→ TASK DETAILS: All of the data below should be set down again verbatim, without any images.

*** Opening of INFORMATION PROVIDED ***

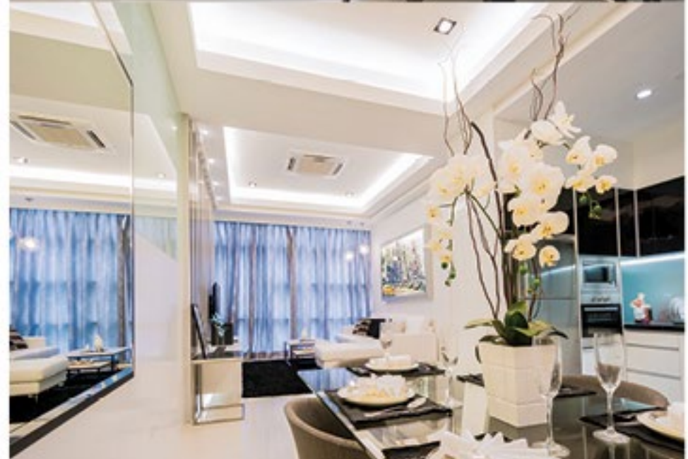
The Azure Residences , Paradigm Petaling Jaya, Selangor, Malaysia The Azure Residences , 八打灵再也伯乐泰, 雪兰莪, 马来西亚
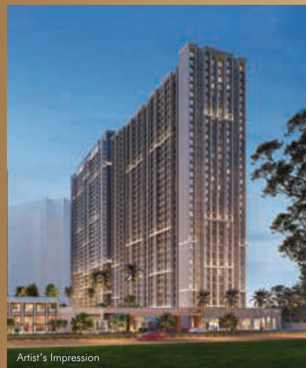
DOSTI MAPLE AT DOSTI WEST COUNTY THANE (W)
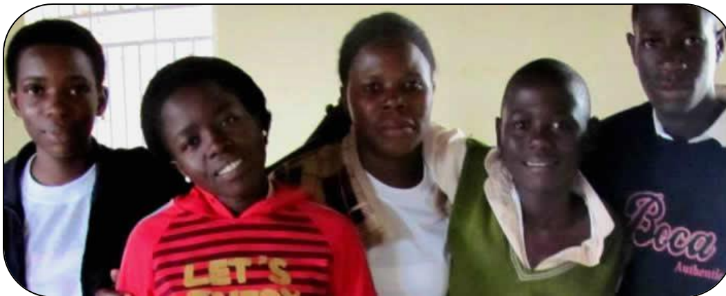
Some of the direct beneficiaries of the ILO IPEC SNAP project

*** Close of INFORMATION PROVIDED ***

→ REPLY:
The Azure Residences , Paradigm Petaling Jaya, Selangor, Malaysia The Azure Residences , 八打灵再也伯乐泰, 雪兰莪, 马来西亚
DOSTI MAPLE AT DOSTI WEST COUNTY THANE (W)
Some of the direct beneficiaries of the ILO IPEC SNAP project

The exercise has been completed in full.